Data entries
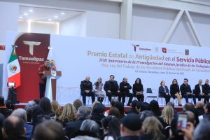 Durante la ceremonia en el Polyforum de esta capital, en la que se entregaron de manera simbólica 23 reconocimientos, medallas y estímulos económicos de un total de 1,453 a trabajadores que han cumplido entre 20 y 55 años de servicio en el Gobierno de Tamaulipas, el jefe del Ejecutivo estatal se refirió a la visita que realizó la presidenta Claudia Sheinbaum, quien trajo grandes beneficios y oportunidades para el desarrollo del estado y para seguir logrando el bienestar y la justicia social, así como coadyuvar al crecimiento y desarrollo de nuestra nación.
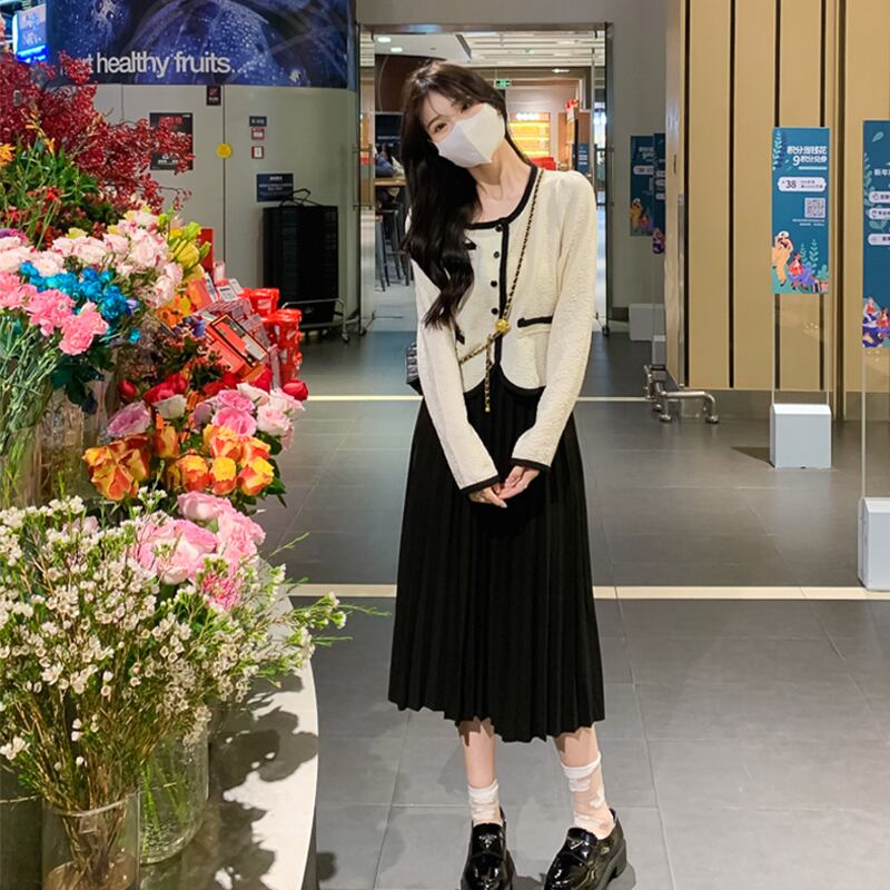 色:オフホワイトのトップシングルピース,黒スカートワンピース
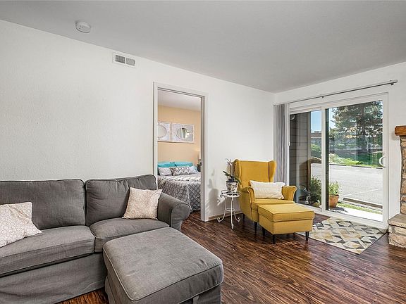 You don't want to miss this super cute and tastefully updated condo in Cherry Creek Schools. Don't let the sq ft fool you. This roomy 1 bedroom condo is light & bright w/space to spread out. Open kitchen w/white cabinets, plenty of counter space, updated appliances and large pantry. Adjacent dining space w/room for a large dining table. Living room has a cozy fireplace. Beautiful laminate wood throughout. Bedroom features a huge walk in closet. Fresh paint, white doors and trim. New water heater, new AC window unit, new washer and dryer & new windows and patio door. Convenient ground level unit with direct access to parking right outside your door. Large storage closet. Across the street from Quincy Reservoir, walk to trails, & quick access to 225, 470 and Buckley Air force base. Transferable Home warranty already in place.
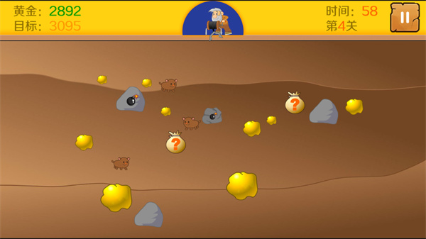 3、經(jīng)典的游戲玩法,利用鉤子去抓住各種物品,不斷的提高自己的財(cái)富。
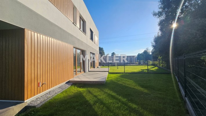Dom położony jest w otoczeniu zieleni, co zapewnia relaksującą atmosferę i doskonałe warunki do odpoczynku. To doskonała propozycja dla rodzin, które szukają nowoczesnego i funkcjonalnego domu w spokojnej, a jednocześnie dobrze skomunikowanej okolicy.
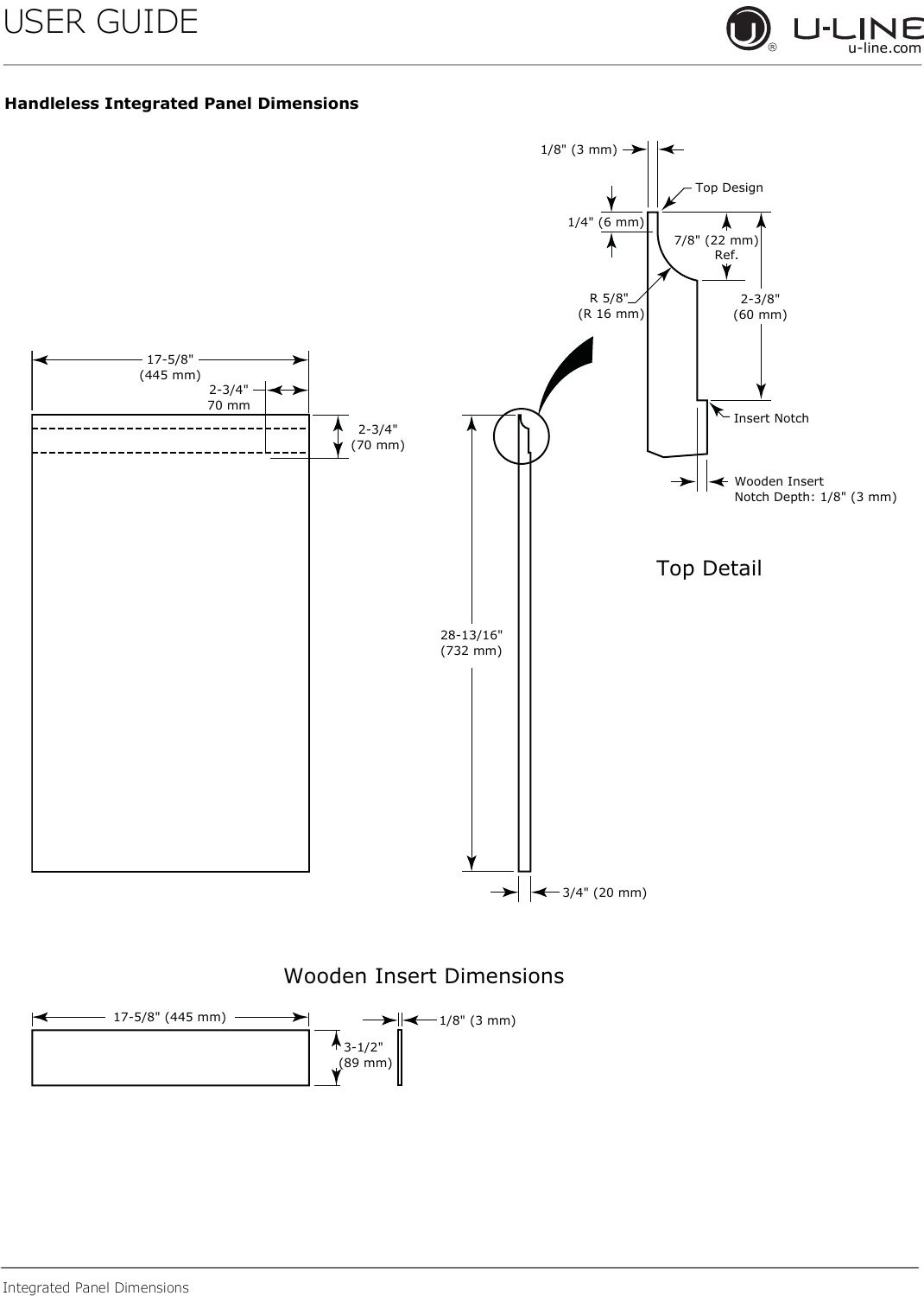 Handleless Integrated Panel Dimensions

---

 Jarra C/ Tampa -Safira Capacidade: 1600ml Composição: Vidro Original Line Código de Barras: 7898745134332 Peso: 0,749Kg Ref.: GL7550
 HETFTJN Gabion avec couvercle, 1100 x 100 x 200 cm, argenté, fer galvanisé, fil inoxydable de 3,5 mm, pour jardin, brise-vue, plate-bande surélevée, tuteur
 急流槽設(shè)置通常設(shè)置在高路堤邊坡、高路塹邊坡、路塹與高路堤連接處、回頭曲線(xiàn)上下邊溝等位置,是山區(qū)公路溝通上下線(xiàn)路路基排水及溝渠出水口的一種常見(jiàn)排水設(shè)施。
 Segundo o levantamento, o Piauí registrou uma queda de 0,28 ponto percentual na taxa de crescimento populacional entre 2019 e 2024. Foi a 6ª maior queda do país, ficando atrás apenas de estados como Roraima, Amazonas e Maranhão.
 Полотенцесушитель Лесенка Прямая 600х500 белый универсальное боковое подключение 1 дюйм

▶ **EXERCISE BRIEF**:
Starting with the line with "HETFTJN Gabion avec" above and going on through the line with "Полотенцесушитель Лесенка Прямая", transcribe every line exactly, both ends included, and add nothing.

▶ **RESPONSE TO THE EXERCISE**:
 HETFTJN Gabion avec couvercle, 1100 x 100 x 200 cm, argenté, fer galvanisé, fil inoxydable de 3,5 mm, pour jardin, brise-vue, plate-bande surélevée, tuteur
 急流槽設(shè)置通常設(shè)置在高路堤邊坡、高路塹邊坡、路塹與高路堤連接處、回頭曲線(xiàn)上下邊溝等位置,是山區(qū)公路溝通上下線(xiàn)路路基排水及溝渠出水口的一種常見(jiàn)排水設(shè)施。
 Segundo o levantamento, o Piauí registrou uma queda de 0,28 ponto percentual na taxa de crescimento populacional entre 2019 e 2024. Foi a 6ª maior queda do país, ficando atrás apenas de estados como Roraima, Amazonas e Maranhão.
 Полотенцесушитель Лесенка Прямая 600х500 белый универсальное боковое подключение 1 дюйм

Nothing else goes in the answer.